▸ **Work request**:
From the entries below, print exactly the span beginning with the line holding "La alcaldesa de" and ending with the line holding "For this page, I", endpoints included, and skip any pictures.

=== Section Start ===

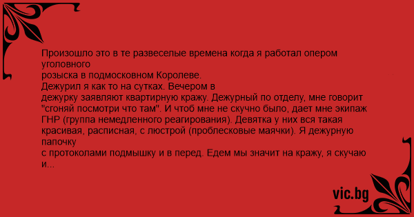 дежурку заявляют квартирную кражу. Дежурный по отделу, мне говорит
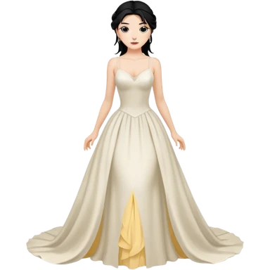Chica blanca,cuerpo entero, vestido boda tirantes finos, pelo negro recogido con mechones y sandalias emoji
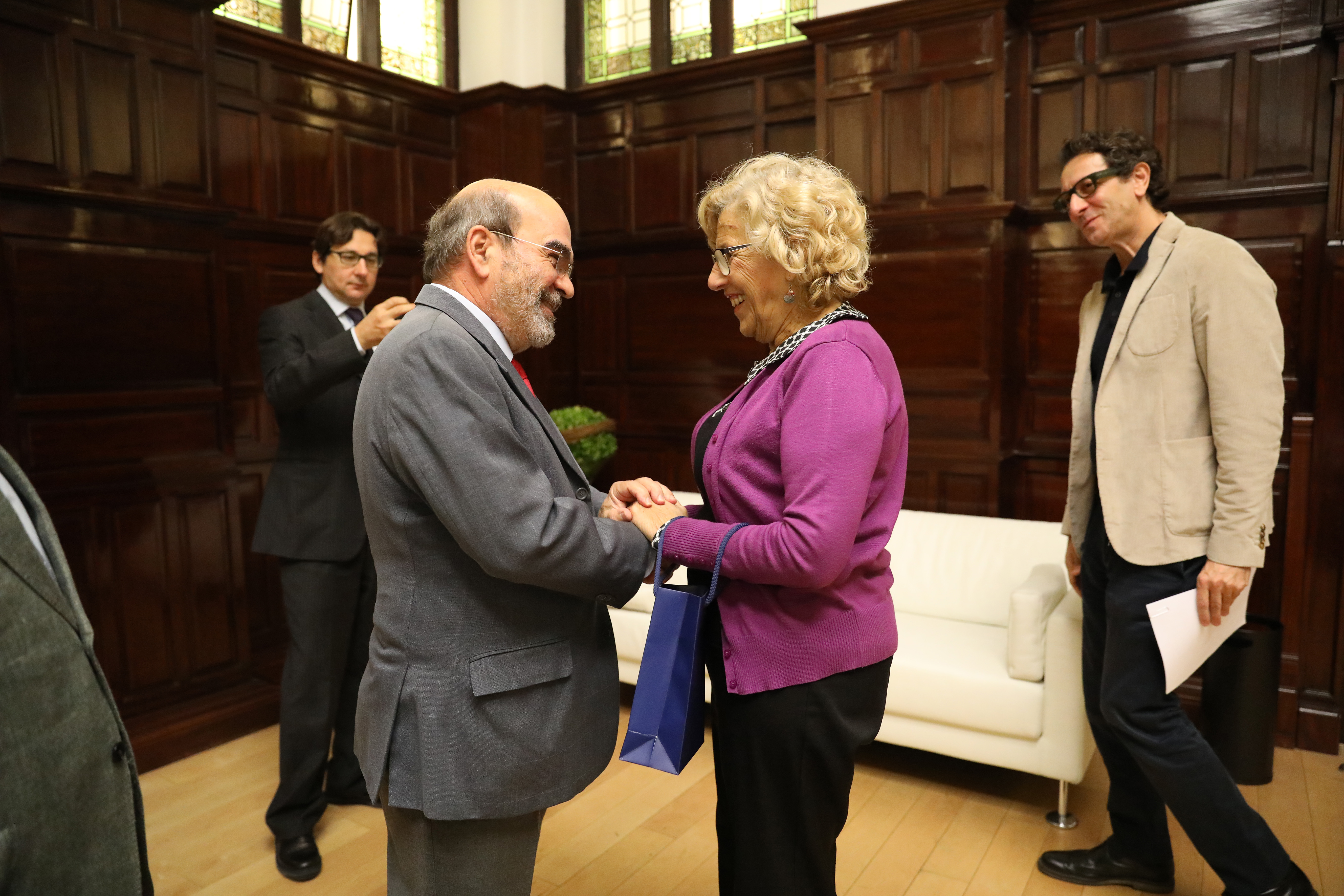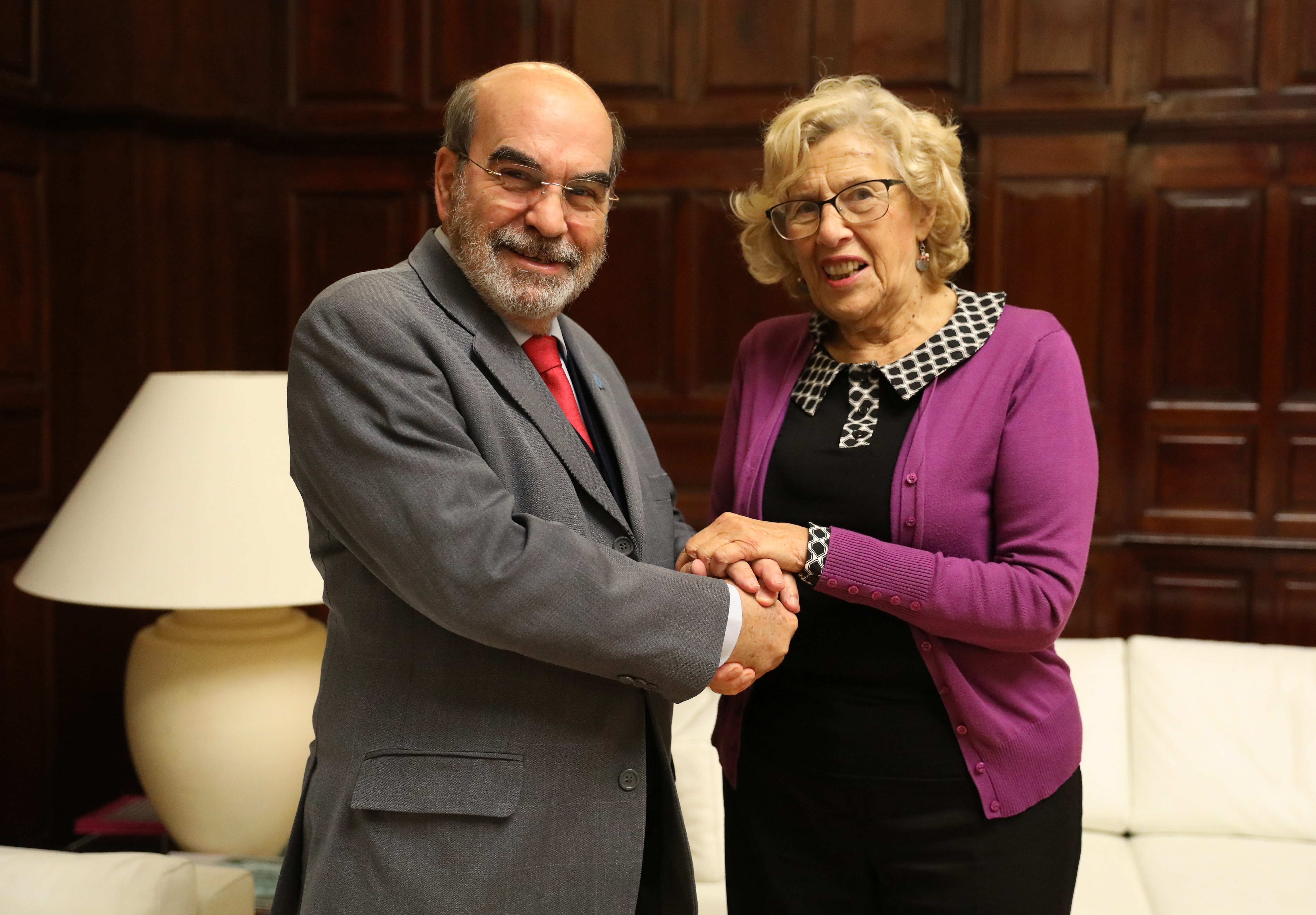 La alcaldesa de Madrid, Manuela Carmena, se ha entrevistado hoy en el palacio de Cibeles con José Graziano da Silva, director general de la Organización de las Naciones Unidas para la Alimentación y la Agricultura (FAO), con quien ha abordado los detalles de la próxima firma de un memorando de entendimiento entre la FAO y el Ayuntamiento de Madrid. El objetivo es mejorar la alimentación saludable, la nutrición, la producción sostenible y la distribución justa entre la ciudadanía madrileña.
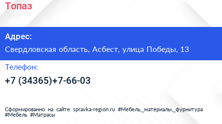 Топаз по адресу Свердловская область, Асбест, улица Победы, 13 в дальнейшем Организация, размещена в следующих категориях:
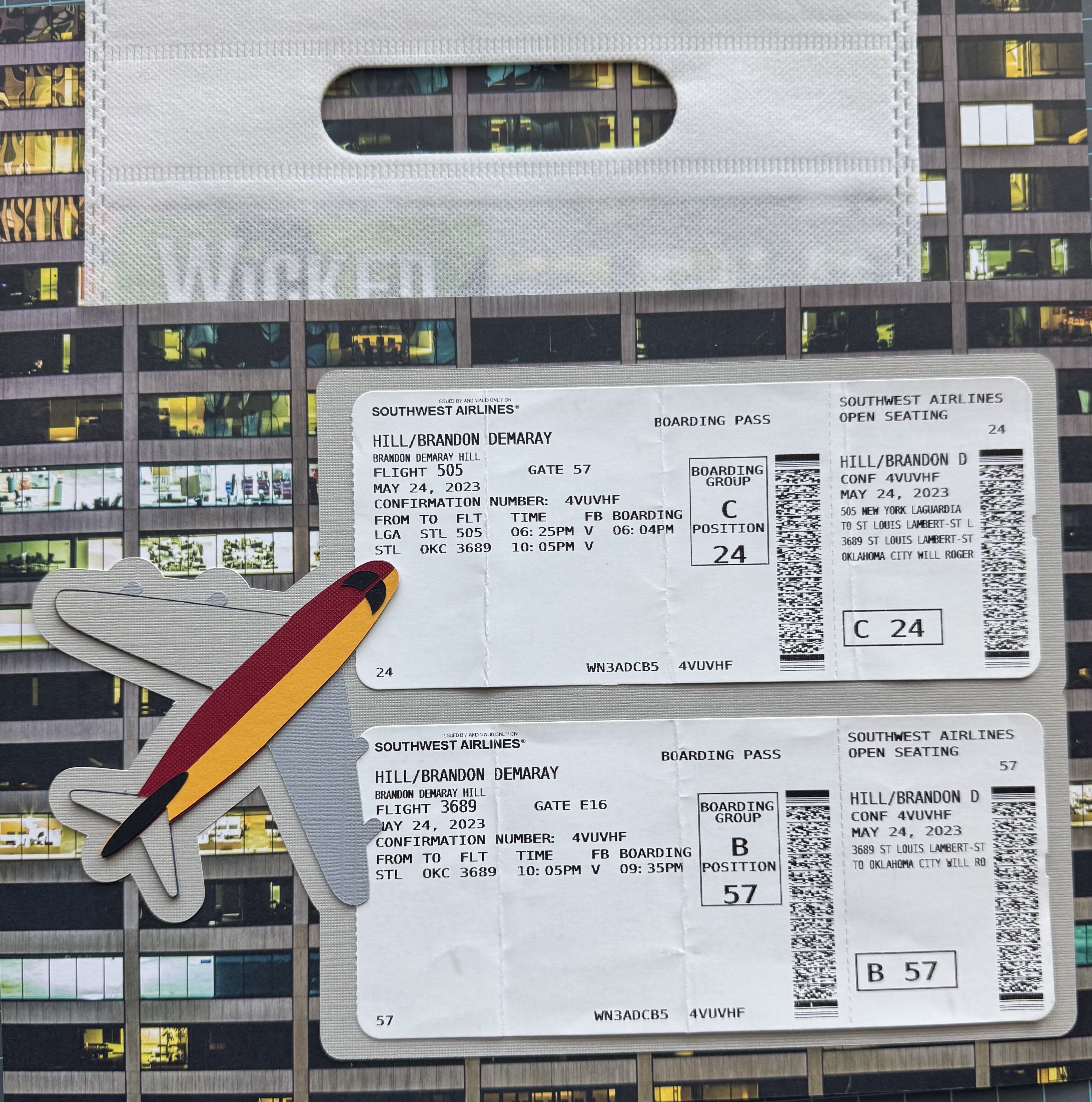 For this page, I used Cricut Design Space to create a custom airplane design and matting for our return tickets. I cut them out using my Cricut Maker, which gave them a polished and professional look. The background paper is from my New York-themed pack, featuring a building design. To add dimension, I carefully slit a line at the window level of the background paper, turning it into an interactive pocket.
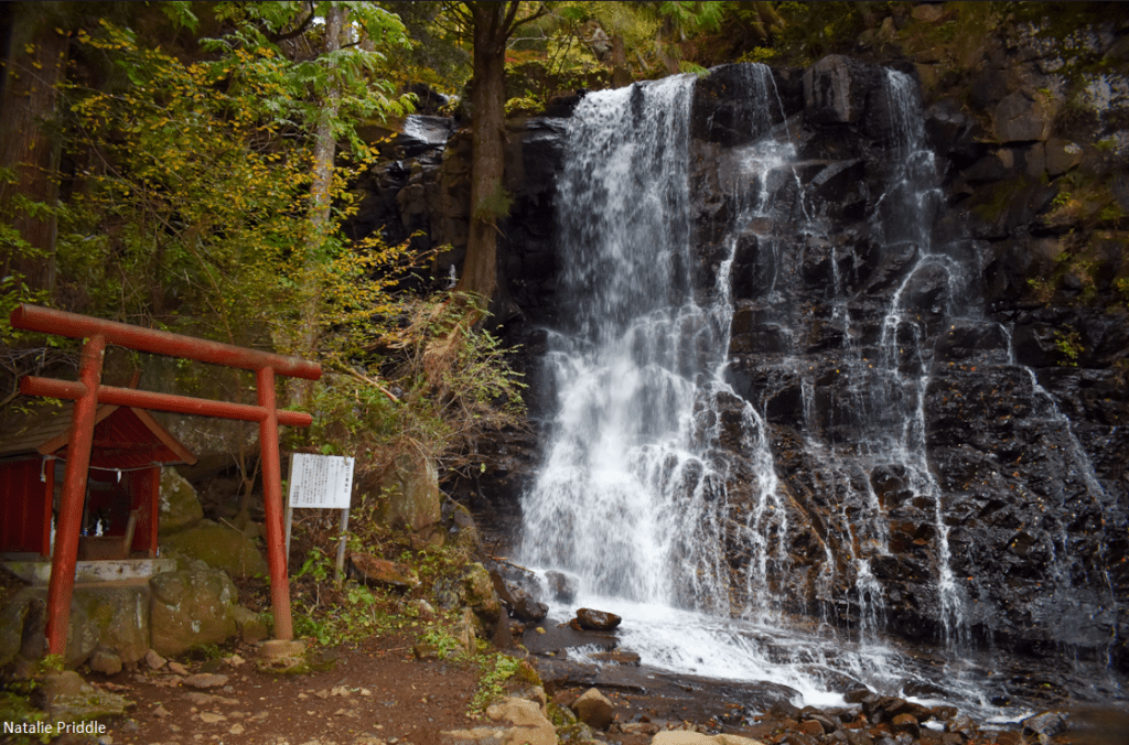 Hananoshirotaki shrine is a small shrine further up the mountain from Asama shrine and from the torii. The shrine is set against a beautiful waterfall, which freezes solid during winter!
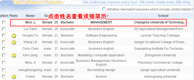 点击求职者姓名,查看简历具体内容;对感兴趣的简历可点击下方 “
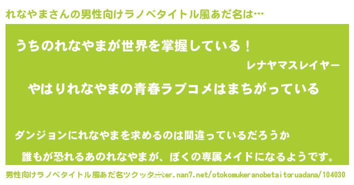 れなやまさんの男性向けラノベタイトル風あだ名をツクッター!
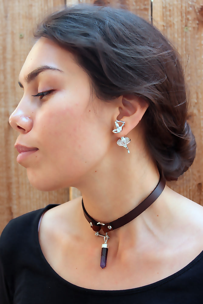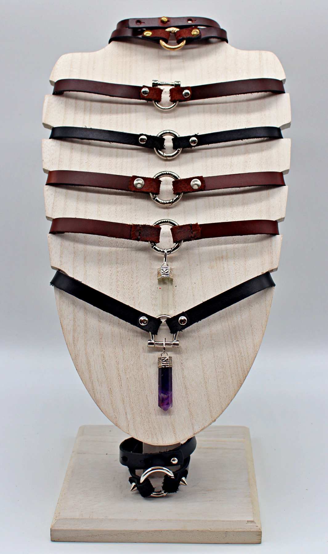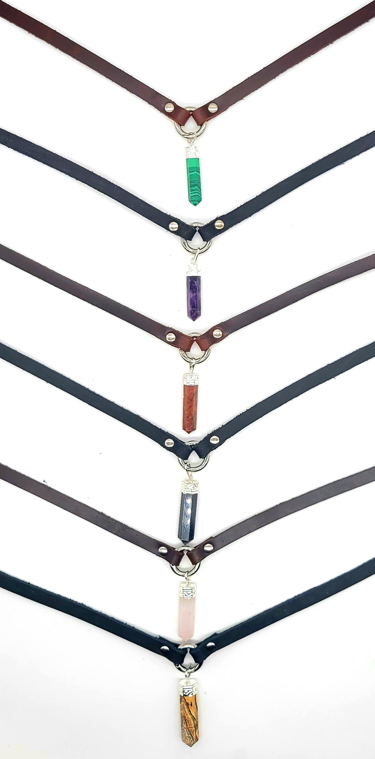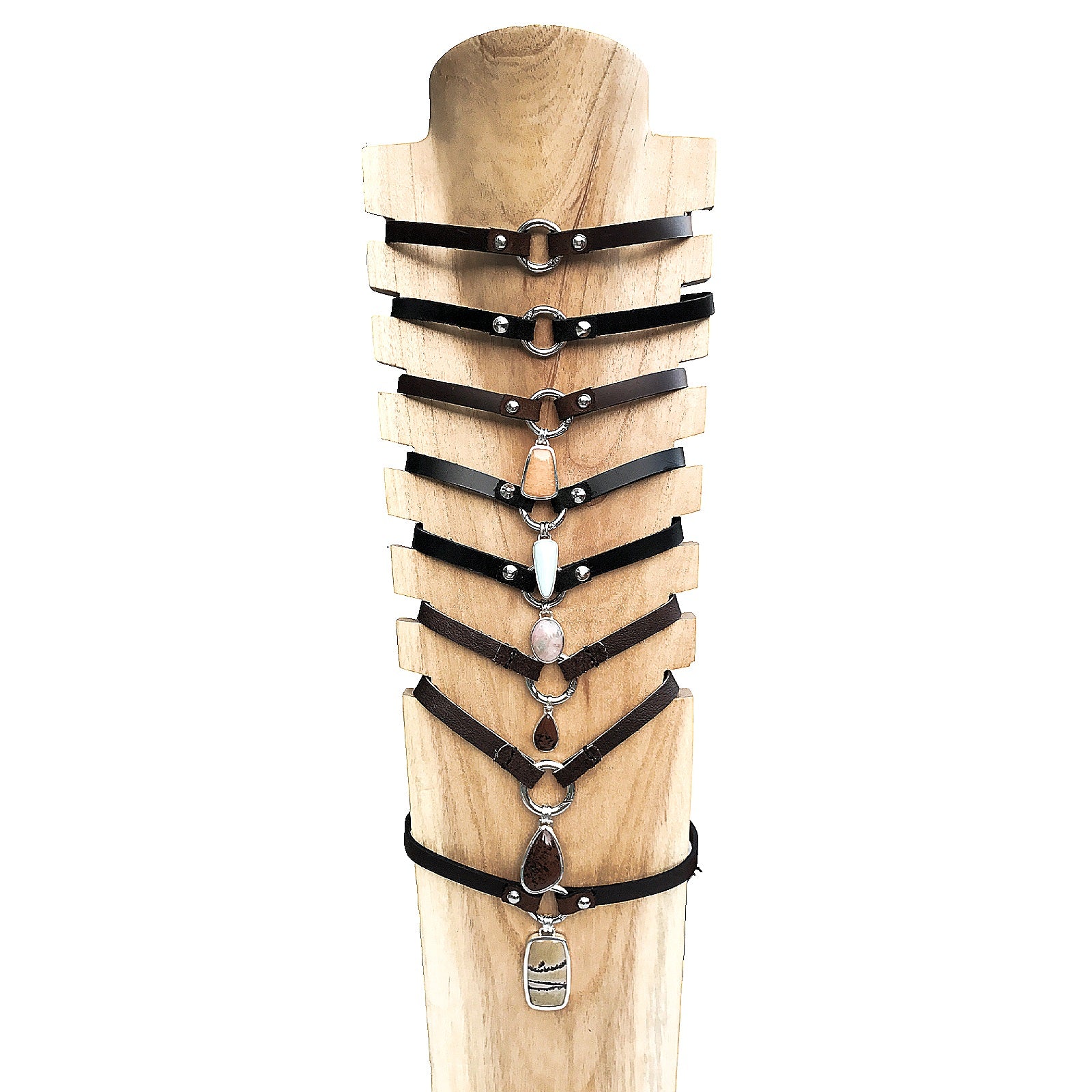 Handmade leather choker necklace with pendant
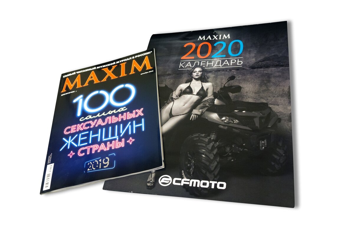 На этой неделе поступил в продажу зимний номер MAXIM c Подарочным календарем CFMOTO 2020! На этот раз календарь стал совместным проектом бренда CFMOTO и журнала MAXIM. Романтичные девушки-красавицы приняли участие в фотосъемке с квадроциклами и мотоциклами CFMOTO, чтобы радовать любителей техники со страниц календаря CFMOTO&MAXIM весь следующий год! Приобрести журнал MAXIM с Подарочным календарем CFMOTO 2020 c квадроциклами и девушками можно в точках продажи прессы.
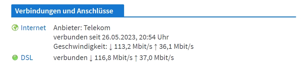 Stimmt. Mein Provider ist 1und1.DLMttH schrieb:Da 1&1 in der Regel das Bitstream-Vorleistungsprodukt der Telekom nutzt, um den Kunden zu versorgen, sind die maximalen Datenraten bei beiden (und o2 und Vodafone VDSL) exakt gleich!

=== Section End ===

▸ **Solution below**:
 La alcaldesa de Madrid, Manuela Carmena, se ha entrevistado hoy en el palacio de Cibeles con José Graziano da Silva, director general de la Organización de las Naciones Unidas para la Alimentación y la Agricultura (FAO), con quien ha abordado los detalles de la próxima firma de un memorando de entendimiento entre la FAO y el Ayuntamiento de Madrid. El objetivo es mejorar la alimentación saludable, la nutrición, la producción sostenible y la distribución justa entre la ciudadanía madrileña.
 Топаз по адресу Свердловская область, Асбест, улица Победы, 13 в дальнейшем Организация, размещена в следующих категориях:
 For this page, I used Cricut Design Space to create a custom airplane design and matting for our return tickets. I cut them out using my Cricut Maker, which gave them a polished and professional look. The background paper is from my New York-themed pack, featuring a building design. To add dimension, I carefully slit a line at the window level of the background paper, turning it into an interactive pocket.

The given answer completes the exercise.